Comment Re:Wheb you can't beat 'em (Score 1) 202

No. The legislature so often passes questionable bills, saying that the courts will judge their intent. The courts often say that the bills should have been more specific. I say that a court should look for JUSTICE and not the letter of the law. If a law is just 90% of the time, then a case should be dismissed 10% of the time. Because it is not just in that case. Strict interpretation is wrong.

Why have the other branches then? Just have the courts run everything. Justly, of course.

Comment Re:yes but.... (Score 1) 111

Well just how devastating can local effects be? Sure, if you have huge numbers of desalinization plants running up the coast of say, California, dumping very salty water right off shore, it's going to cause problems for that region. But we have rather simple and low energy technologies for mixing salt into water that can greatly reduce the problem.

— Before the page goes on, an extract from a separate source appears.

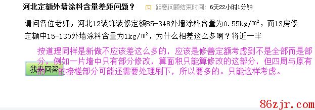 B5-348外墙涂料含量为0.55kg/㎡,而13房修定额中15-130外墙涂料含量为1kg/㎡,为什么相差这么多啊?将近一半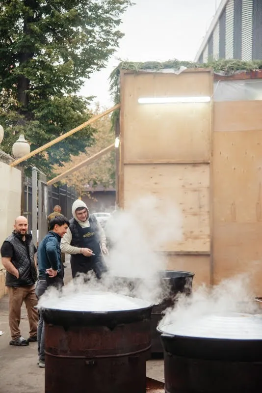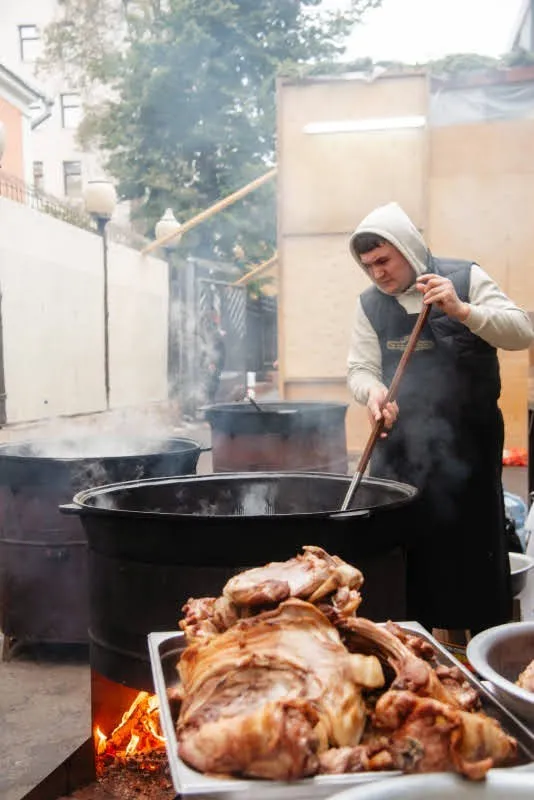 המטבחים במוסקבה עבדו ללא הפסקה להכנת סעודות החג, והצלם לוי נאזרוב תיעד את רגעי השיא של החגיגות – מאיגוד המינים ועד לריקודים ברחובות.

Comment Re: Why shop at Walmart (Score 1) 467

I still suggest that. This is a typical semantics shift. "Decent product" means different things to each of us. The original post stated that some businesses create "brand-destroying" products. That's not decent product. And customers can put two and two together when all the stuff they get from a retailer is crap.

For whatever reason, a lot of people prefer low price over quality. I've seen nothing in this thread to even show there is an actual problem. If instead you want quality, you don't buy it at the retailer shaving all these costs.

For example, from a much earlier post:

Look at a rubbermaid mop bucket at Home depot. Then look at a rubbermaid mop bucket at Walmart. Then tell me their is 'no evidence'.

In other words, one can buy a better product presumably for more from Home Depot. There are probably other mop buckets sold online or via catalogue of far higher quality, if you're willing to shop for them too. So it is not an actual problem that Walmart sells flimsier mop buckets. Just pay more for what you really want.

Comment Re: Why shop at Walmart (Score 1) 467

That mentioned that mid-market products get priced out of the market by cheap knock offs whose price eventually gets raised to match the mid-market goods that were driven out, except the quality never gets put back in?

You're making the broad assumption that the mid-markets were better quality. Why is the cheaper product winning in the first place?

Comment Re:"Green" technologies aren't sufficient. (Score 1) 251

We can't make rational decisions by considering cost vs benefits of a choice? That is absolutely the best way to make rational decisions so long as the usual bs move of externalizing environmental, societal, and future impacts isn't how we carry them out. As long as all costs are considered, then cost vs benefits is the only way to make a choice.

Wow, that's pretty broken. In other words, you only consider the costs of "externalizing environmental, societal, and future impacts" which is exactly the problem I was speaking of.

Ignoring the opportunity costs of a choice is not least harm. The reason we burn coal in the first place is because it is useful to do so. And that utility also generates externalities, but of the positive sort.

What would you propose we use a basis for decision making? Coin flip? Pray to the invisible hand of the market? Some other bullshit god?

Externalities are easy to engineer for. Just stick in some revenue-neutral tax on coal or whatever. Just be careful to avoid excessive costs because of a quasi-religious conviction that coal burning is bad. Past that, markets. Problem solved.